* DATASET EXCERPT
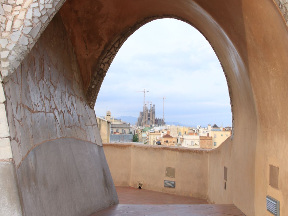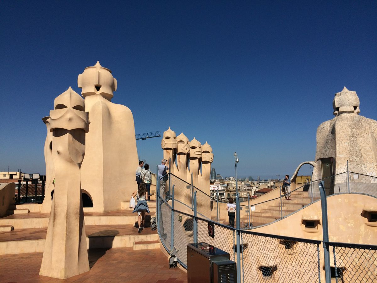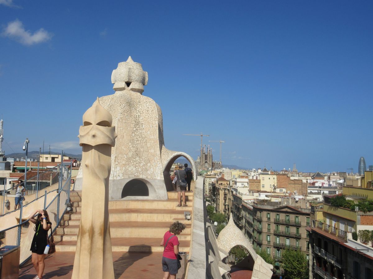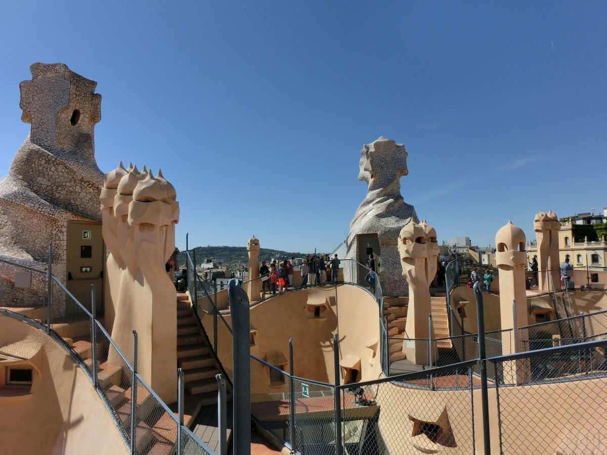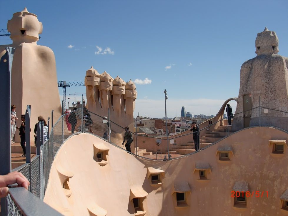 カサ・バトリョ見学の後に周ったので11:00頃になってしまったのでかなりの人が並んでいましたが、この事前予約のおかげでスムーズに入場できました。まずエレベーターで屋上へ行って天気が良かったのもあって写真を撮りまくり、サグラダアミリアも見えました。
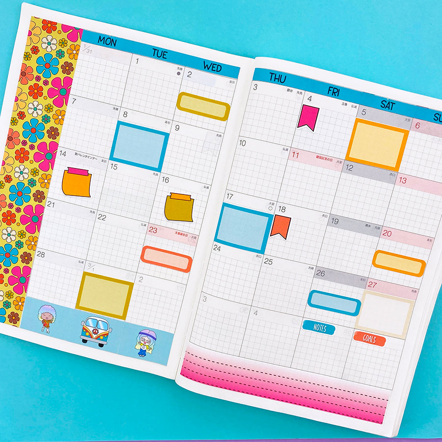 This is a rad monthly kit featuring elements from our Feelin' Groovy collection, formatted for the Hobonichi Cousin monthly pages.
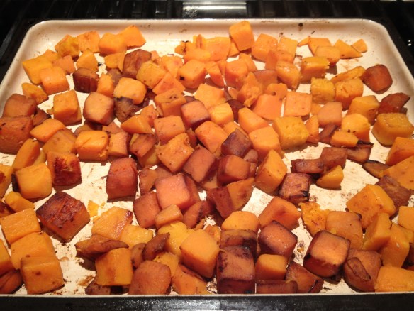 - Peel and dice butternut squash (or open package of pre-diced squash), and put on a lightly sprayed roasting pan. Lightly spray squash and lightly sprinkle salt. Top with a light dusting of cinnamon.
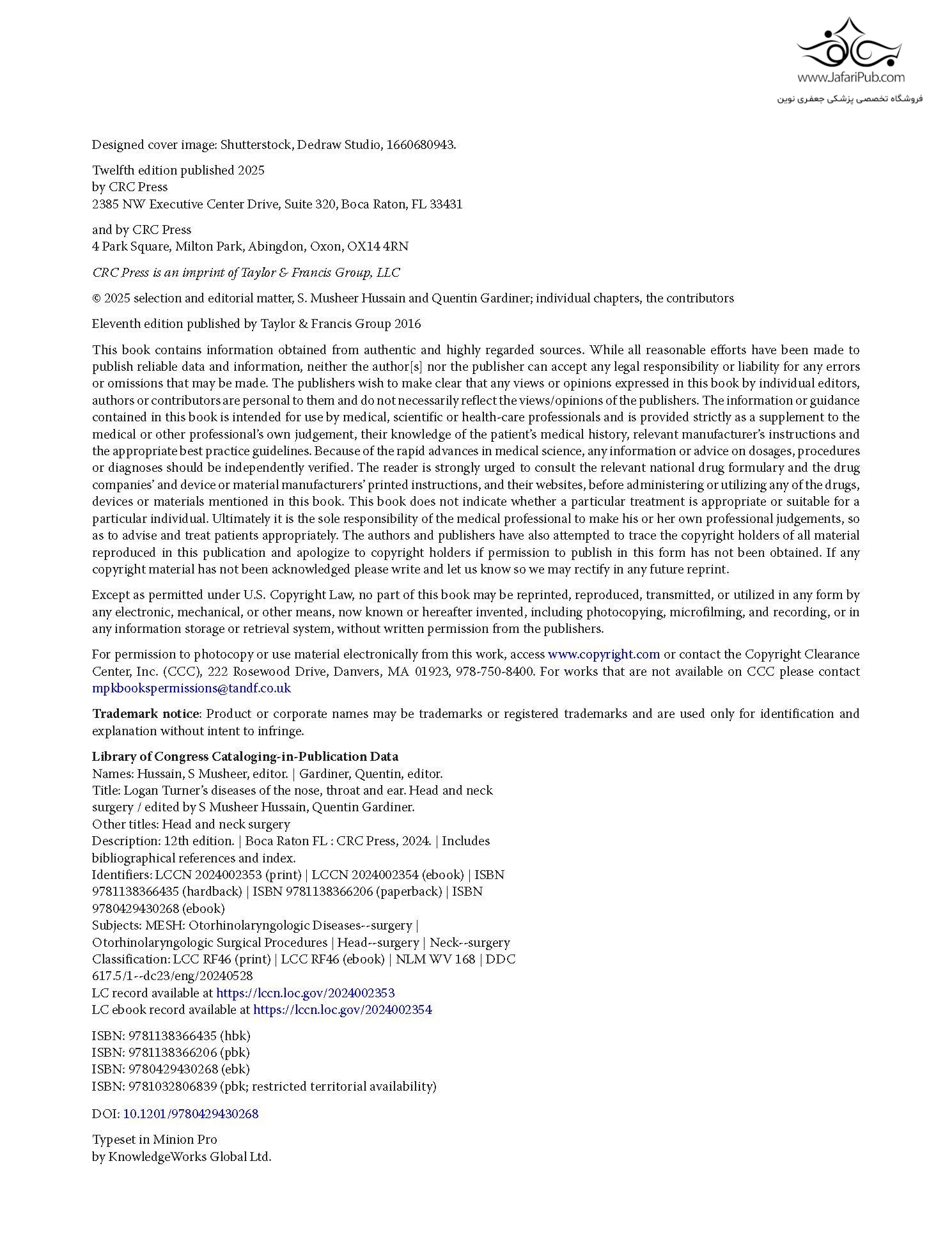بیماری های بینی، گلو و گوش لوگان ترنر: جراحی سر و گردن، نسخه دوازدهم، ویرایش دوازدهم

* PROBLEM REQUIREMENTS
Output the data above without changes, apart from leaving out the pictures.

* RESPONSE
 カサ・バトリョ見学の後に周ったので11:00頃になってしまったのでかなりの人が並んでいましたが、この事前予約のおかげでスムーズに入場できました。まずエレベーターで屋上へ行って天気が良かったのもあって写真を撮りまくり、サグラダアミリアも見えました。
 This is a rad monthly kit featuring elements from our Feelin' Groovy collection, formatted for the Hobonichi Cousin monthly pages.
 - Peel and dice butternut squash (or open package of pre-diced squash), and put on a lightly sprayed roasting pan. Lightly spray squash and lightly sprinkle salt. Top with a light dusting of cinnamon.
بیماری های بینی، گلو و گوش لوگان ترنر: جراحی سر و گردن، نسخه دوازدهم، ویرایش دوازدهم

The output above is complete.